Task item:
Reproduce all the lines below exactly and omit the images.

Data extract:
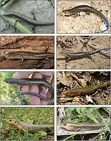 | Plestiodon chinensis formosensis (left) and Plestiodon leucostictus (right) | |
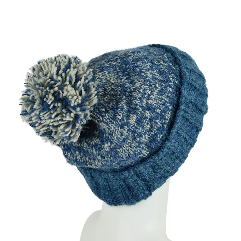 Un bonnet ton chiné gris et bleu tricot laine mixte doublé polaire, chaud essentiel pour le froid.
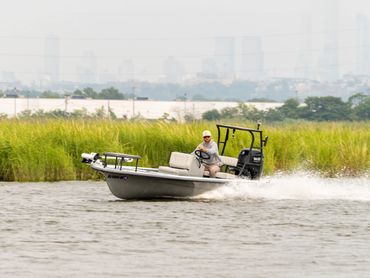 At 18′ with an 82″ beam, the Beavertail Skiffs Vengeance combines the brand’s signature shallow draft with a confident ride across open bays and coastal waters. Its Carolina-flared hull design keeps the run dry and composed, while the broad deck and stable footprint make it equally at home chasing tarpon, working live bait, or spending a relaxed afternoon on the sandbar.
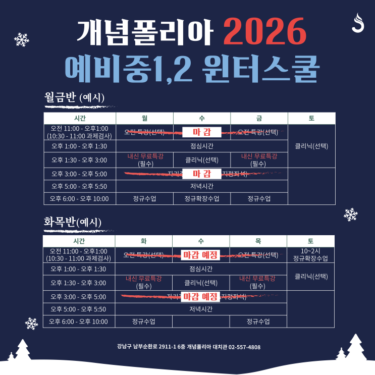 안녕하세요, 개념폴리아입니다. 2026학년도 예비중1·2 대상 윈터스쿨에 보내주신 많은 관심과 성원에 진심으로 감사드립니다! 수강을 희망하시는 분들께서는 마감 전까지 문의 및 등록 부탁드립니다. 감사합니다! <img src="https://blogthumb.pstatic.net/MjAyNjAxMDhfMTU1/MDAxNzY3ODQ4OTAzMDAw.WBWvzIzcdUS9gSRbT2I4Lk08E4bE4osnRGivNqIeeXQg.E9GyWa8qMKjqxk19uMcC_qqpsXJTEsrDdjrRW5SAuD8g.PNG/%C0%A9%C5%CD%BD%BA%C4%F0_%B8%B6%B0%A8_%BE%C8%B3%BB.png?type=s3" />

Exercise output:
 | Plestiodon chinensis formosensis (left) and Plestiodon leucostictus (right) | |
 Un bonnet ton chiné gris et bleu tricot laine mixte doublé polaire, chaud essentiel pour le froid.
 At 18′ with an 82″ beam, the Beavertail Skiffs Vengeance combines the brand’s signature shallow draft with a confident ride across open bays and coastal waters. Its Carolina-flared hull design keeps the run dry and composed, while the broad deck and stable footprint make it equally at home chasing tarpon, working live bait, or spending a relaxed afternoon on the sandbar.
 안녕하세요, 개념폴리아입니다. 2026학년도 예비중1·2 대상 윈터스쿨에 보내주신 많은 관심과 성원에 진심으로 감사드립니다! 수강을 희망하시는 분들께서는 마감 전까지 문의 및 등록 부탁드립니다. 감사합니다! <img src="https://blogthumb.pstatic.net/MjAyNjAxMDhfMTU1/MDAxNzY3ODQ4OTAzMDAw.WBWvzIzcdUS9gSRbT2I4Lk08E4bE4osnRGivNqIeeXQg.E9GyWa8qMKjqxk19uMcC_qqpsXJTEsrDdjrRW5SAuD8g.PNG/%C0%A9%C5%CD%BD%BA%C4%F0_%B8%B6%B0%A8_%BE%C8%B3%BB.png?type=s3" />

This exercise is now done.